(REQUIRED ACTION) Leave the pictures in the listing below aside and reproduce exactly the lines starting with the one with "базу клиентов, другой" and going on through the one with "Прихожая в современном стиле с рейками", both ends included.

(RECORDS)

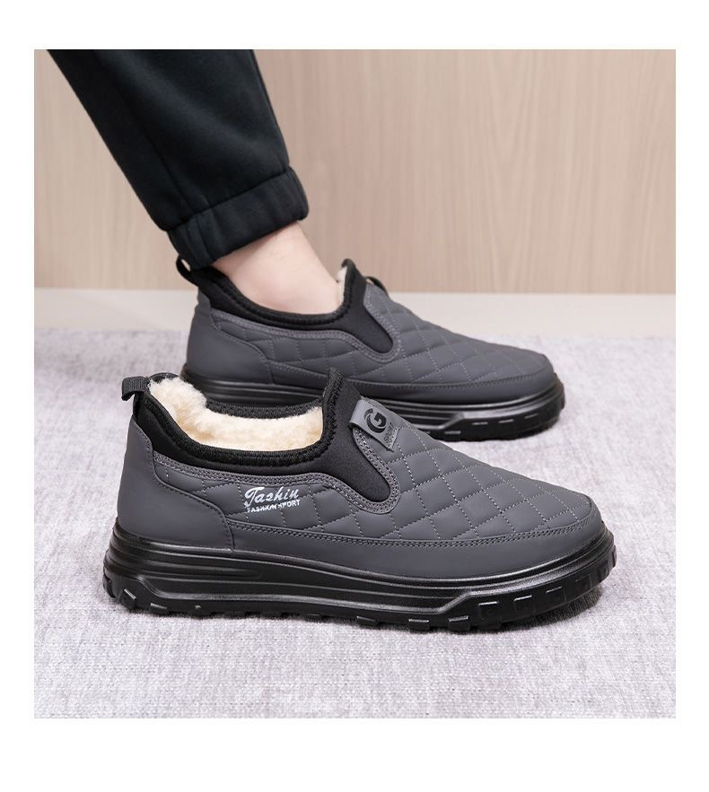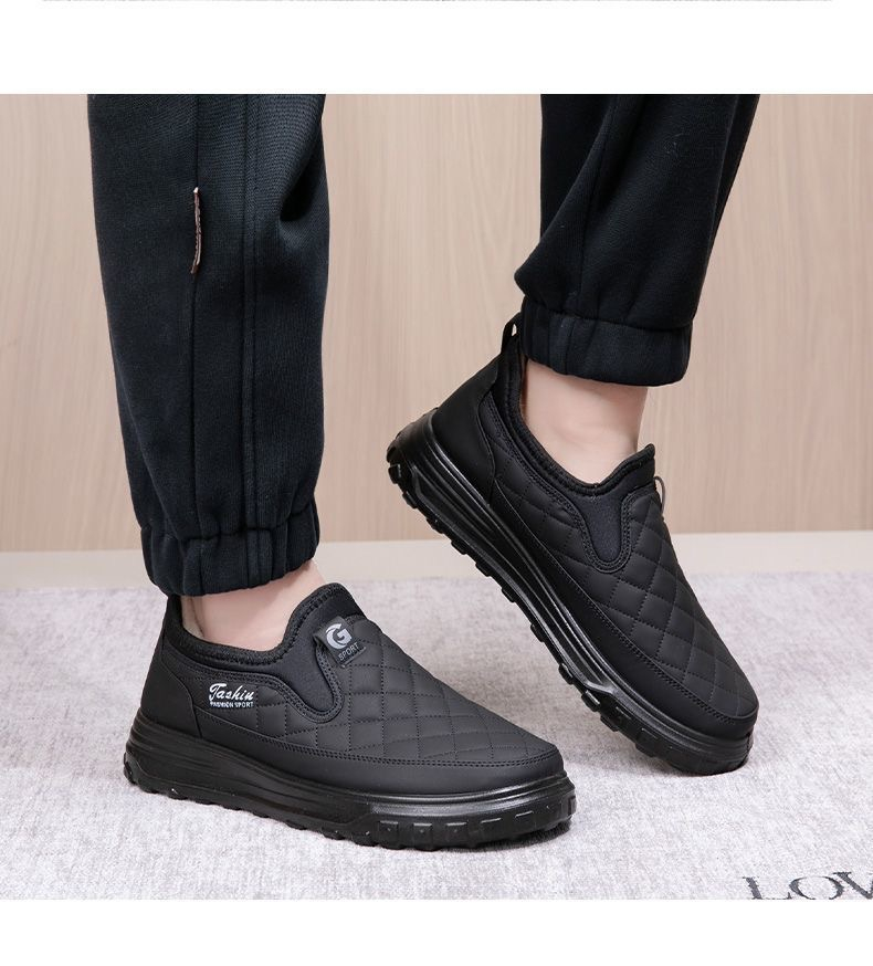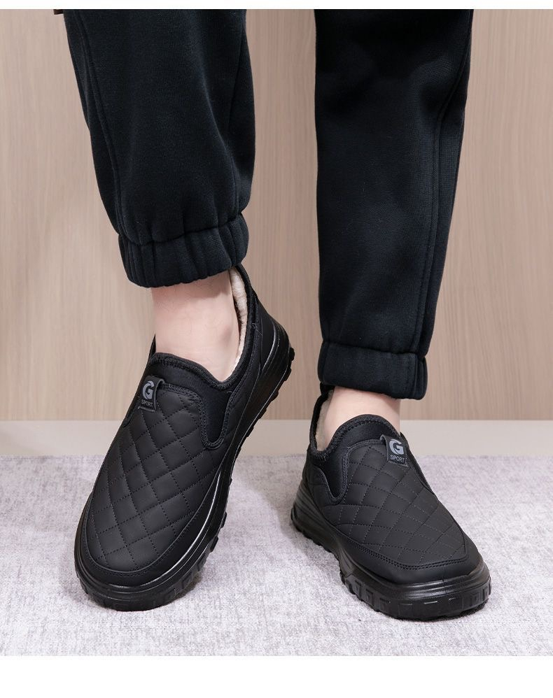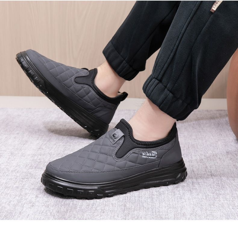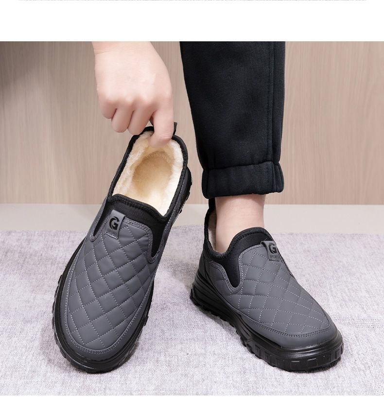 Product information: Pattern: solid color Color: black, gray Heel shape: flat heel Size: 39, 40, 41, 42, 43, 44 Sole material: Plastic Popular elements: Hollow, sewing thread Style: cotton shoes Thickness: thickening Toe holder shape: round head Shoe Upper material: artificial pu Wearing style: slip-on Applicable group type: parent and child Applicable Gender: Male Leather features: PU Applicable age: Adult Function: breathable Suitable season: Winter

* * *

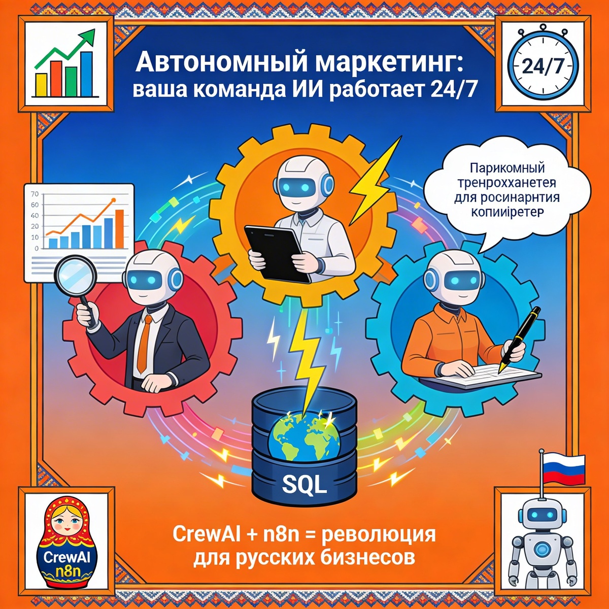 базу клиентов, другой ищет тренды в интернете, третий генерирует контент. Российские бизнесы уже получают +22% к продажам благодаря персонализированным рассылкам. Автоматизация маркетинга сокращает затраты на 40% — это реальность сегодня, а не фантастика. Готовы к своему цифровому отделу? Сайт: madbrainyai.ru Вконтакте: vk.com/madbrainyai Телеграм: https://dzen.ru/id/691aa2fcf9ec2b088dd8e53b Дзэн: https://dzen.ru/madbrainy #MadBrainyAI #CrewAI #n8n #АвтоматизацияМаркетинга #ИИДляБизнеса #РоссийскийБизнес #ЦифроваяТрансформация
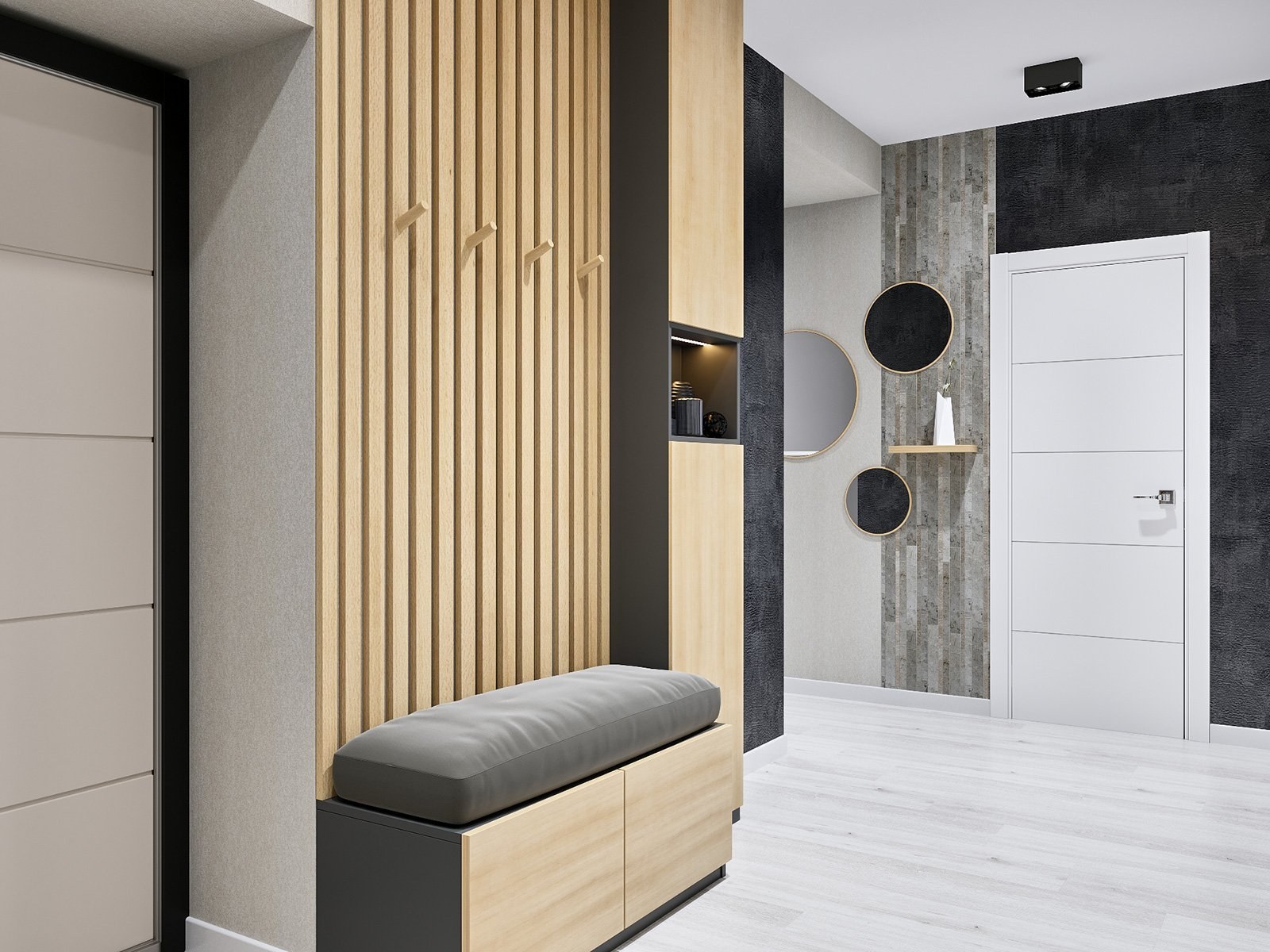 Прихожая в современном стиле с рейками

* * *

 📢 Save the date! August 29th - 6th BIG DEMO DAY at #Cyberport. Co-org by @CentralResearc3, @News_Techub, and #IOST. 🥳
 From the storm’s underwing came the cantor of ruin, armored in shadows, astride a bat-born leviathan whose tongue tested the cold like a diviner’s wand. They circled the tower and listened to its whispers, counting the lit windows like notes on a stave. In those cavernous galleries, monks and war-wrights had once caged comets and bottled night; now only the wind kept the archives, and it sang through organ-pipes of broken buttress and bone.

(WRITTEN ANSWER)
 базу клиентов, другой ищет тренды в интернете, третий генерирует контент. Российские бизнесы уже получают +22% к продажам благодаря персонализированным рассылкам. Автоматизация маркетинга сокращает затраты на 40% — это реальность сегодня, а не фантастика. Готовы к своему цифровому отделу? Сайт: madbrainyai.ru Вконтакте: vk.com/madbrainyai Телеграм: https://dzen.ru/id/691aa2fcf9ec2b088dd8e53b Дзэн: https://dzen.ru/madbrainy #MadBrainyAI #CrewAI #n8n #АвтоматизацияМаркетинга #ИИДляБизнеса #РоссийскийБизнес #ЦифроваяТрансформация
 Прихожая в современном стиле с рейками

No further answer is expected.